"Sober alkies are often asked, ‘When did you hit rock bottom?’ But a more informed question might be, ‘How many times did you hit rock bottom?"
"Look, the point is, I already know how to eat better; we all do. Honestly, is there anybody out there that doesn't know how they should eat? It's pretty simple; you eat more vegetables and fewer snacks that are covered with orange dust. Ah, sweet, delicious orange dust. I like to rub it on my gums like fluorescent cocaine. Oooh, I need another Cheeto bump!"
Sometimes God brings people into my life that I feel I have nothing in common with. Some I interact with in my daily life, some are far away images who the Lord uses as examples and distant heroes. One such person is comedian Craig Ferguson.
Ferguson is a naturalized American citizen originally from Cumbernauld (a small town on the outskirts of Glasgow, Scotland). He came to America in the 90's and worked his way into show business. He is now well known for his comedy, acting, and hosting the Late Late Show.
So, how does a self-described "vulgar lounge entertainer" become a recovery hero for a small town Southern girl? First, earlier this year Ferguson celebrated his 22nd year of sobriety, having been to rehab for drug and alcohol addiction and continuing to stay sober ever since. I've only been in Celebrate Recovery for food addiction for a little over 5 years, so anyone who's maintained his recovery longer than I have I look up to. I mean how, how do you just never touch the stuff again? I still can't imagine myself never overeating or eating for emotional reasons again. I'm a lot better, but still...
Second, Mr. Ferguson is not a Hollywood pretty boy who went to "celebrity hospital" and lounged by the pool for "rehab holiday." He never says he was in rehab for a couple of weeks and everything was O.K., so what's wrong with the peasants who can't get it together. In fact, his story is quite the opposite; he went to a regular place with regular people at a facility in England, not L.A. He worked hard and went through the process. He's a reminder that the recovery process is not a microwave, but a crock pot, and he's still simmering away.

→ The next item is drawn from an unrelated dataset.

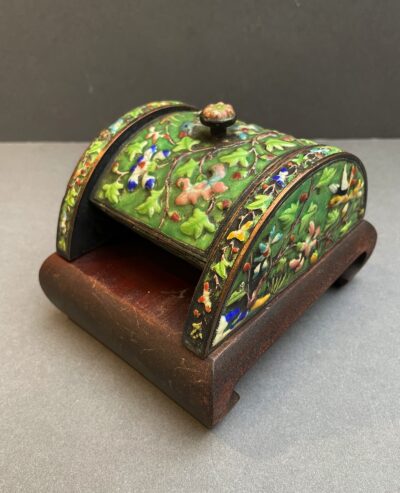 Early Republic or Late Qing Dynasty Chinese Colourful Cloisonne Jewellery Box, Wooden Stand

Third, he's just plain real about life and recovery. He's open about the fact that he's an alcoholic (among other things), had a couple of failed marriages, still struggles with food and weight, and was very damaged by his childhood. Yet, he made something of himself. No, I don't agree with everything he says or does, but he has more humility about his foibles than many Christ followers I know. He says, "Yep, I'm screwed up, but I'm still going and having a blast doing it." My story is not nearly as dramatic as his, but yet I've wanted to give up many times. He mentors me without even knowing it. When I see him online (I don't have cable) or read a quote of his, I'm encouraged to keep on. Yes, I realize his blessings and success seem to only be on this side of heaven (for now). But look at it this way. Mr. Ferguson has accomplished great things while trying to find the God that he admits he doesn't understand. I made a decision for Christ almost 28 years ago and still have no type of success in my small corner of "JackVegas"--Alabama's version of Cumbernauld. I don't have nearly the influence he has, nor the ability to help as many people as Mr. Ferguson. I can learn from his work ethic and business sense. He is not a victim of circumstance; he has kicked circumstance in the taint and sent it away crying for its mama!